Co wie Mariusz Kamiński, czego boją się wszyscy posłowie? | Gazeta Bałtycka
Opublikowano: 11.06.2014

Co wie Mariusz Kamiński, czego boją się wszyscy posłowie?

Zaskakujący wynik tajnego głosowania ws. odebrania immunitetu poselskiego byłemu szefowi CBA – Mariuszowi Kamińskiemu. Poseł nie stracił immunitetu dzięki głosom 15 posłów. Jak to możliwe? Czy powstanie komisja śledcza ws. Aleksandra Kwaśniewskiego?

Co wie Mariusz Kamiński, czego boją się wszyscy posłowie?

fot. Jarosław Roland Kruk

Czy to, o czym mówi się nieoficjalnie, że Mariusz Kamiński wraz ze swoimi współpracownikami, w czasie sprawowania funkcji szefa CBA, regularnie gromadził kompromitujące materiały dotyczące polityków opozycji – jest możliwe? Mówi się o nagraniach, zdjęciach, zeznaniach świadków i wielu innych dowodach.

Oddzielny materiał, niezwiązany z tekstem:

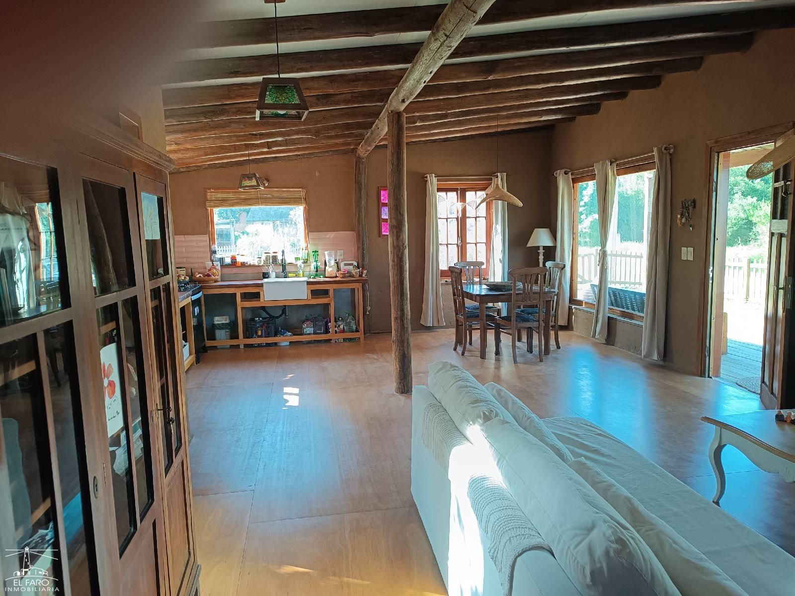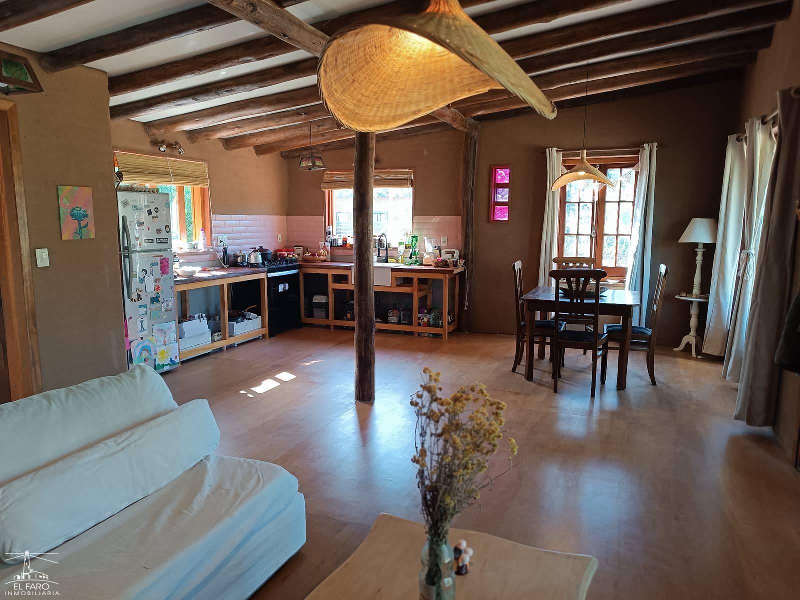 Amplio living comedor con la cocina integrada. Puerta ventana con salida al jardín.

Pewne jest, że Kamiński, w czasie kierowania CBA, miał do tego wszelkie niezbędne instrumenty prawne – mógł stosować podsłuchy, inwigilację, gromadzić dokumentację procesową. Miał do tego także odpowiednie zaplecze techniczne oraz sztab lojalnych pracowników.

Materiały, o których w czasie tajnego posiedzenia Sejmu mówił Kamiński, dotyczą Aleksandra Kwaśniewskiego, ale w relacji byłego szefa CBA, wokół byłego prezydenta pojawiało się sporo innych osób, bardziej lub mniej związanych z polityką.

Na sejmowych korytarzach plotkuje się o tym, że materiały ws. Kwaśniewskiego i tzw. „willi w Kazimierzu”, które przekazało do prokuratury, mogły być celowo niepełne, po to, aby dziś Kamiński miał nad śledczymi przewagę.

Nieoficjalnie mówi się także o tym, że Mariusz Kamiński w czasie kierowania mógł zgromadzić bardzo dużo innych materiałów, które aktualnie mogą znajdować się w jego rękach. Dziś z łatwością może straszyć „teczkami”, grozić ujawnieniem kompromitujących faktów, dowodów itp. Wygląda na to, że strach zaczął zaglądać w oczy bardzo wielu polityków, czego efektem jest m.in. wynik wczorajszego głosowania.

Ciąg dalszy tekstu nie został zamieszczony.